34ª semana del tiempo ordinario. Jueves: Lc 21, 20-28
Estamos en los últimos días del año litúrgico y la Iglesia nos sigue presentando
palabras del evangelio, que nos hablan del fin. Jesús habló del fin de Jerusalén y del fin
del mundo quizá en momentos diversos; pero el evangelista los pone juntos, porque en
realidad el fin de Jerusalén, además de su gran significado propio, era un símbolo del
fin de todas las cosas materiales, que son perecederas. Sobre todo del fin de los
poderes opresores, sean poderes religiosos, sociales o económicos.
Todos estos poderes se habían concentrado en Jerusalén. Los romanos lo sabían,
y por eso querían dominar totalmente Jerusalén, si querían dominar aquella nación.
San Lucas, que quizá vivió o supo de primera mano esta destrucción en el año 70,
emplea el lenguaje “apocalíptico”, lleno de símbolos. Algo muy importante, que
debemos tener en cuenta, es que Jesús no dice todo eso para atemorizarnos, sino para
darnos esperanza. Debemos quedarnos sobre todo con el final del evangelio de este
día: “Cuando suceda todo esto, cobrad ánimo y levantad vuestras cabezas, porque se
acerca vuestra liberación”. Nuestra religión no es de ruinas o de muerte, sino que
tiende a la vida. Jesús nos prepara “un cielo nuevo y una nueva tierra”, donde todo será
paz y alegría. Pero mientras tanto debemos esforzarnos en el seguimiento del bien.
Este seguimiento del bien lo podemos ver en algunos de los símbolos que nos trae
este evangelio. Se nos dice que para conseguir la salvación hay que estar expeditos o
ligeros de pie para poder huir del mal. Y al mismo tiempo Jesús se lamenta de las
mujeres que entonces estén encintas o criando. Esto es sólo un ejemplo o símbolo del
impedimento que son las ataduras mundanas o materiales. En otras ocasiones había
lanzado lamentaciones contra los “ricos”, o sea los que están atados a las riquezas,
porque les es muy difícil hacer el bien. Así la predicción de la destrucción de Jerusalén
es un rechazo a las fuerzas dominantes. Estas fuerzas o poderes sociales y
económicos estaban demasiado ligados a los poderes religiosos. Jesús buscaba la
conversión; pero cuando nos dominan los poderes materiales ¡Qué difícil es la
conversión! Por eso era necesario un cataclismo, como en realidad así ha sido en
todos los imperios materiales. Todo lo material es efímero y terminará.
Jesús no dice estas palabras por venganza. El amaba a su patria y a Jerusalén,
como lo demostró llorando por ella. Pero nos quiere prevenir a nosotros para que no
pongamos nuestra confianza y apegos en las cosas terrenas, sino que, viviendo
haciendo el bien, busquemos más las cosas de arriba despegados de lo terreno.
En el ambiente simbólico de esta parte del evangelio, la destrucción de Jerusalén
era una consecuencia de su pecado: el haber rechazado la salvación que ofrecía
Jesús. No por todos, sino por las autoridades responsables de ese pueblo. Jesús
expresa su compasión por las víctimas, pero alerta a sus discípulos para que sigan el
camino trazado por su Evangelio para que no perezcan de forma semejante. Esta
destrucción no significa un rechazo definitivo a aquel pueblo o a sus jefes, sino que es
un signo y una oportunidad de conversión. Las imágenes de catástrofes en el cielo, mar
y tierra ya las habían expresado los profetas para la caída de Babilonia.

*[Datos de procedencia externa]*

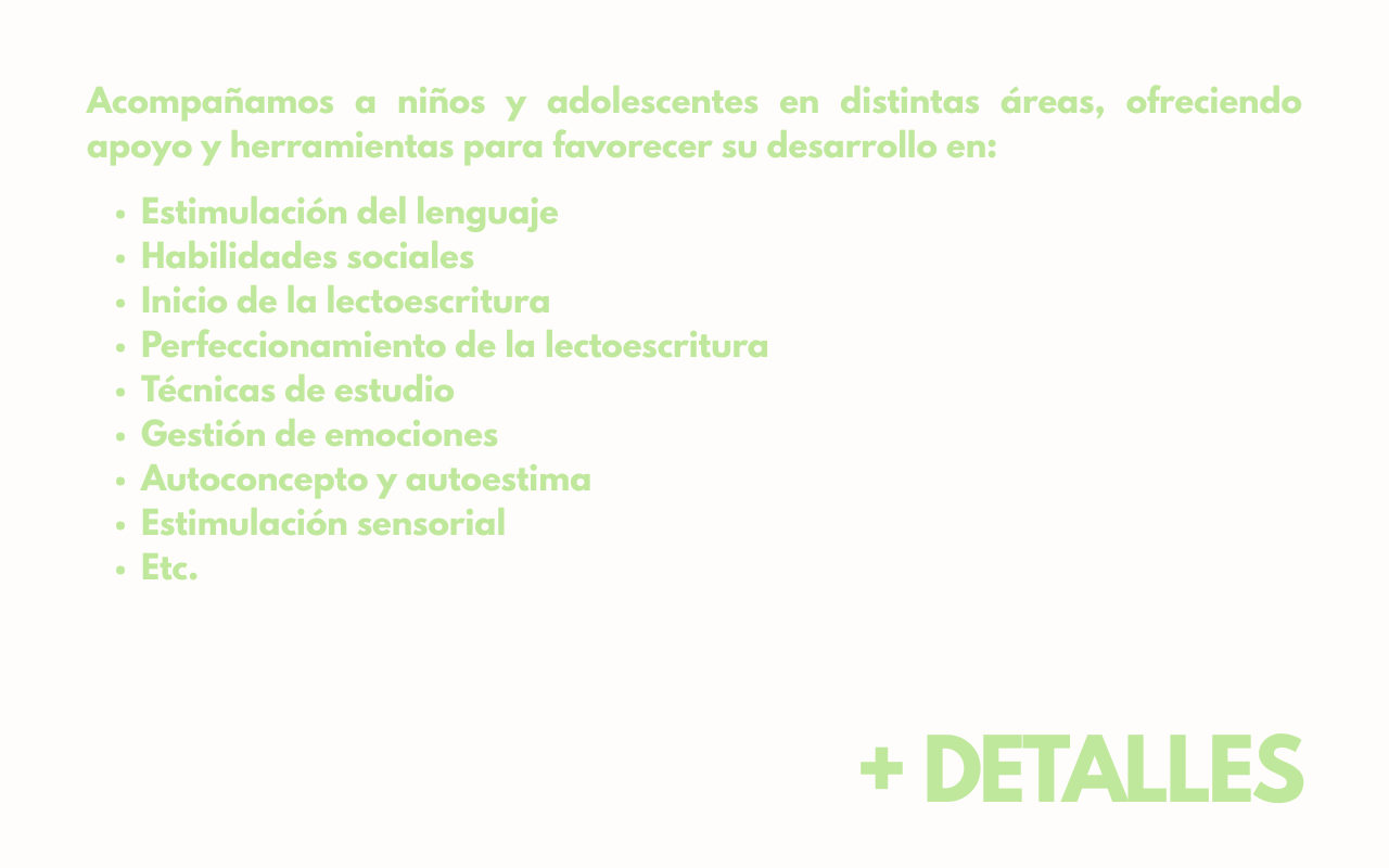 En los talleres englobaremos áreas en proceso de desarrollo, tanto si vuestro hijo presenta dificultades como si no, podrá disfrutar de nuestros talleres, donde se llevan a cabo actividades para trabajar sobre sus habilidades y recursos, que simplemente queremos reforzar y potenciar al máximo para lograr su mejor evolución y felicidad.

La caída de Jerusalén marca el fin de la historia de la antigua alianza y comienza el
nuevo pueblo de Dios en que se unen judíos y gentiles. Estos deben unirse en los
mensajes y doctrina de Jesucristo simbolizado por la venida del Hijo del hombre, que
un día será triunfal, pero que debe realizarse a través de su reinado en las personas.
Ante esta venida el incrédulo tendrá pánico, pero el creyente tendrá gozo, porque se
acerca la liberación. Caerán los poderes dominantes, pero los pobres y seguidores de
Cristo no tienen por qué temer, porque Él no viene a condenar, sino a salvar a todo
aquel que le siga en el bien y la verdad. Este es el espíritu de esperanza que la Iglesia
ya nos propone y seguirá proponiendo en el tiempo de Adviento.